___ Data ___

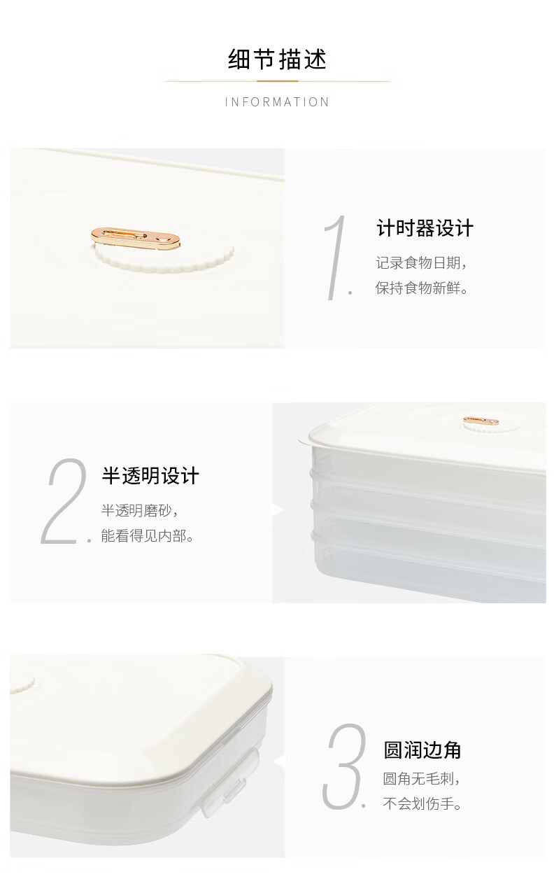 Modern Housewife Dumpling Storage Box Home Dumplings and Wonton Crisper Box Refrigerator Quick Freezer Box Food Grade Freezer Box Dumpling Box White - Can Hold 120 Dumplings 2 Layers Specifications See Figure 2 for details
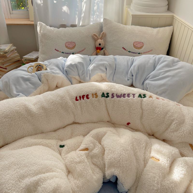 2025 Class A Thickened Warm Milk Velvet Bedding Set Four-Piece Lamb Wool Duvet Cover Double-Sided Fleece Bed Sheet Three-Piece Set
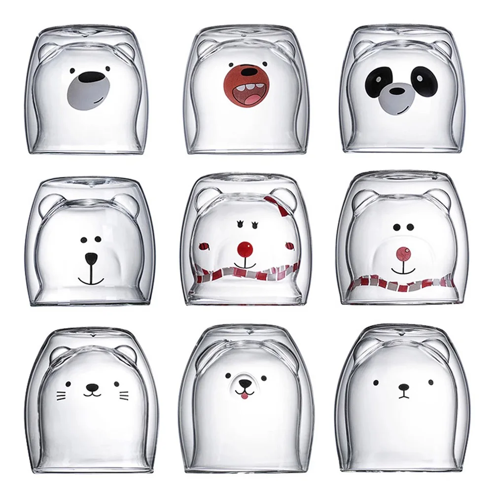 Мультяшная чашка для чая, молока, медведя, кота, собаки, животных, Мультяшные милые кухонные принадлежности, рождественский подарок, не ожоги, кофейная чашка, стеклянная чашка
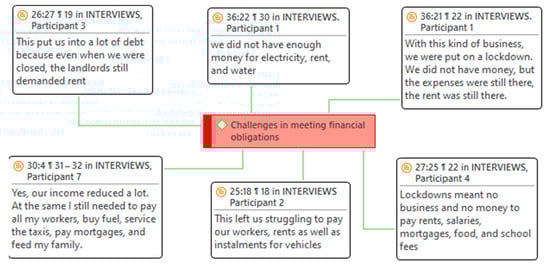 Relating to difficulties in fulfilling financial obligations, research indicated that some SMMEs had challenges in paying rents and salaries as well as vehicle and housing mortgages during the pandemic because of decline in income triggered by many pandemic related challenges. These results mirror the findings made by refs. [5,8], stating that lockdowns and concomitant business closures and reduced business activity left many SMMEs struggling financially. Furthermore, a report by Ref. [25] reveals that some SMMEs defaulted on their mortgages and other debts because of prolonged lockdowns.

___

What the task requires: Restate every line above word for word. Do not carry over the images.

Response for this exercise:
 Modern Housewife Dumpling Storage Box Home Dumplings and Wonton Crisper Box Refrigerator Quick Freezer Box Food Grade Freezer Box Dumpling Box White - Can Hold 120 Dumplings 2 Layers Specifications See Figure 2 for details
 2025 Class A Thickened Warm Milk Velvet Bedding Set Four-Piece Lamb Wool Duvet Cover Double-Sided Fleece Bed Sheet Three-Piece Set
 Мультяшная чашка для чая, молока, медведя, кота, собаки, животных, Мультяшные милые кухонные принадлежности, рождественский подарок, не ожоги, кофейная чашка, стеклянная чашка
 Relating to difficulties in fulfilling financial obligations, research indicated that some SMMEs had challenges in paying rents and salaries as well as vehicle and housing mortgages during the pandemic because of decline in income triggered by many pandemic related challenges. These results mirror the findings made by refs. [5,8], stating that lockdowns and concomitant business closures and reduced business activity left many SMMEs struggling financially. Furthermore, a report by Ref. [25] reveals that some SMMEs defaulted on their mortgages and other debts because of prolonged lockdowns.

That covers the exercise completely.